#### Recorded information
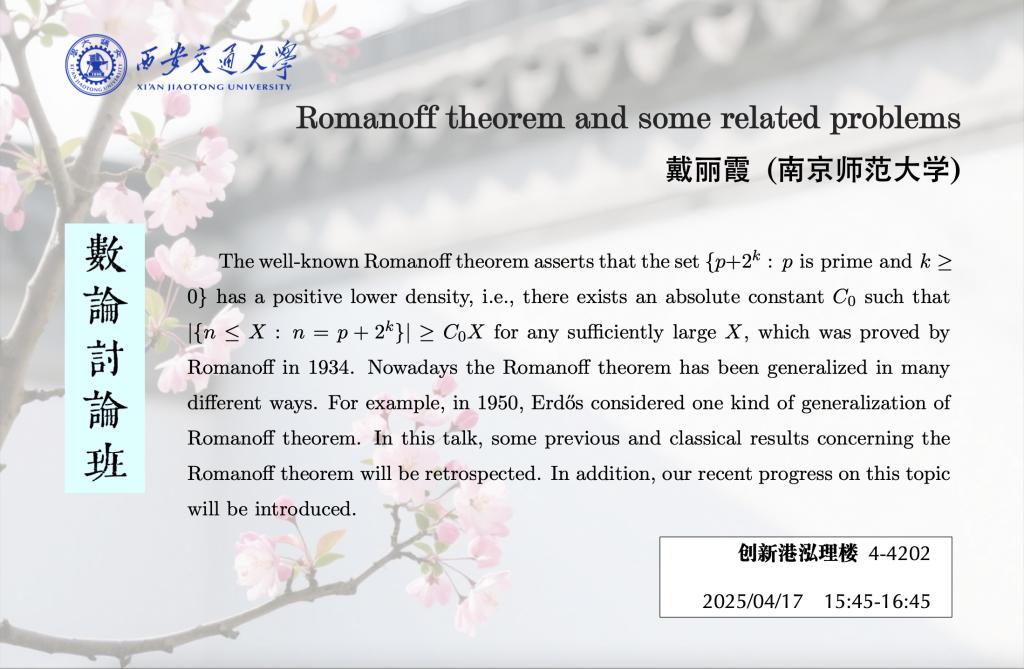 报告题目:Romanoff theorem and some related problems
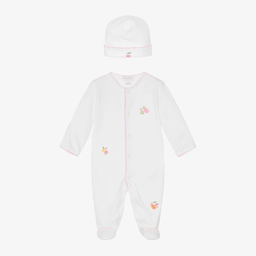 A cute white babysuit set for girls by Kissy Kissy, made in soft Pima cotton jersey for a gentle feel against delicate skin. The babygrow has a pink picot trim and features colourful fruit embroidery. It fastens easily on the front with poppers for quick dressing. A matching layette hat completes the sweet look.
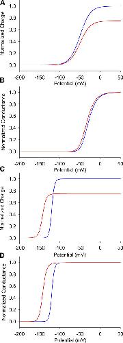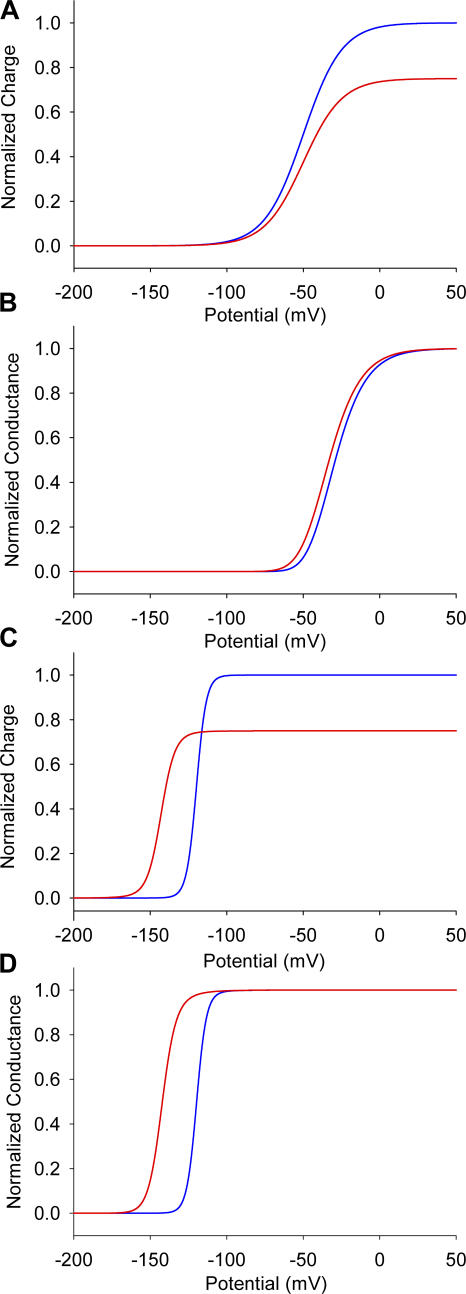 Figure 10. Modulation of gating in independent and allosteric models. Simulations of the charge–voltage (A) and conductance–voltage curves (B) for the model with independent voltage sensors. Charge–voltage (C) and conductance–voltage (D) curves in the allosteric model, where all four voltage sensor movements are coupled. Toxin-modified data are shown as red lines, whereas the unmodified traces are shown as blue lines.
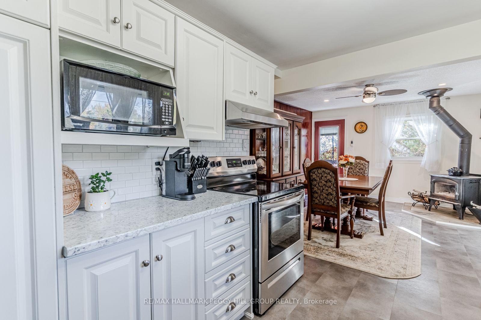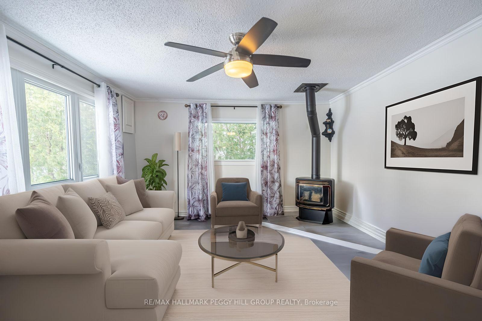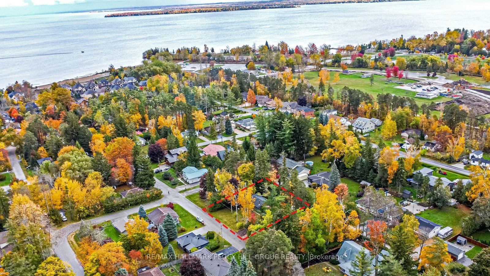 EXTENSIVELY UPDATED BUNGALOW WITH A CUSTOM DETACHED GARAGE, GENEROUSLY SIZED LANDSCAPED LOT & STEPS TO THE BEACH! This Alcona bungalow captures everything buyers hope to find: a beautifully updated interior, a generous 100 x 100 ft property, and an unbeatable location just steps from the beach. Clean, bright, and meticulously maintained, it showcases pride of ownership from the moment you arrive. The exterior stands out with warm cedar shake accents, a bold red front door, dark trim, and a welcoming front porch that gives the home undeniable character. Beyond its charming façade, the property showcases a fully fenced and landscaped backyard with an updated patio, a newer garden shed, a privacy shield, and three gates, complemented by updated front and side walkways. A freshly paved six-car driveway leads to a detached custom 17 x 20 ft garage or workshop with handcrafted wood swing doors and a man door, ideal for hobbyists or extra storage. The carpet-free interior features durable neutral vinyl tile flooring and a modern kitchen with white cabinetry, upgraded countertops, stainless steel appliances, a subway tile backsplash, and stylish lighting. A cozy gas fireplace adds warmth to the living room with peaceful front-yard views, while the formal dining room includes a wood stove and a separate side entrance. Two inviting bedrooms include a primary with a double closet and a second with a walk-in, along with a main-floor laundry area combined with a powder room. The main 4-piece bathroom has been refreshed with a newer light fixture, mirror, double shower rod, and fresh paint. Notable updates include newer windows and doors, spray foam insulation under the house, 200-amp service, and newer laundry appliances. Close to parks, trails, schools, shopping, dining, the YMCA, Sunset Speedway, and the Town Centre, with quick access to the GO Train and Highway 400, this #HomeToStay offers an exceptional opportunity to enjoy the best of Alcona living!

#### Task requirements
Give every line of the data above again as it stands; the pictures stay out.

#### Finished exercise
 报告题目:Romanoff theorem and some related problems
 A cute white babysuit set for girls by Kissy Kissy, made in soft Pima cotton jersey for a gentle feel against delicate skin. The babygrow has a pink picot trim and features colourful fruit embroidery. It fastens easily on the front with poppers for quick dressing. A matching layette hat completes the sweet look.
 Figure 10. Modulation of gating in independent and allosteric models. Simulations of the charge–voltage (A) and conductance–voltage curves (B) for the model with independent voltage sensors. Charge–voltage (C) and conductance–voltage (D) curves in the allosteric model, where all four voltage sensor movements are coupled. Toxin-modified data are shown as red lines, whereas the unmodified traces are shown as blue lines.
 EXTENSIVELY UPDATED BUNGALOW WITH A CUSTOM DETACHED GARAGE, GENEROUSLY SIZED LANDSCAPED LOT & STEPS TO THE BEACH! This Alcona bungalow captures everything buyers hope to find: a beautifully updated interior, a generous 100 x 100 ft property, and an unbeatable location just steps from the beach. Clean, bright, and meticulously maintained, it showcases pride of ownership from the moment you arrive. The exterior stands out with warm cedar shake accents, a bold red front door, dark trim, and a welcoming front porch that gives the home undeniable character. Beyond its charming façade, the property showcases a fully fenced and landscaped backyard with an updated patio, a newer garden shed, a privacy shield, and three gates, complemented by updated front and side walkways. A freshly paved six-car driveway leads to a detached custom 17 x 20 ft garage or workshop with handcrafted wood swing doors and a man door, ideal for hobbyists or extra storage. The carpet-free interior features durable neutral vinyl tile flooring and a modern kitchen with white cabinetry, upgraded countertops, stainless steel appliances, a subway tile backsplash, and stylish lighting. A cozy gas fireplace adds warmth to the living room with peaceful front-yard views, while the formal dining room includes a wood stove and a separate side entrance. Two inviting bedrooms include a primary with a double closet and a second with a walk-in, along with a main-floor laundry area combined with a powder room. The main 4-piece bathroom has been refreshed with a newer light fixture, mirror, double shower rod, and fresh paint. Notable updates include newer windows and doors, spray foam insulation under the house, 200-amp service, and newer laundry appliances. Close to parks, trails, schools, shopping, dining, the YMCA, Sunset Speedway, and the Town Centre, with quick access to the GO Train and Highway 400, this #HomeToStay offers an exceptional opportunity to enjoy the best of Alcona living!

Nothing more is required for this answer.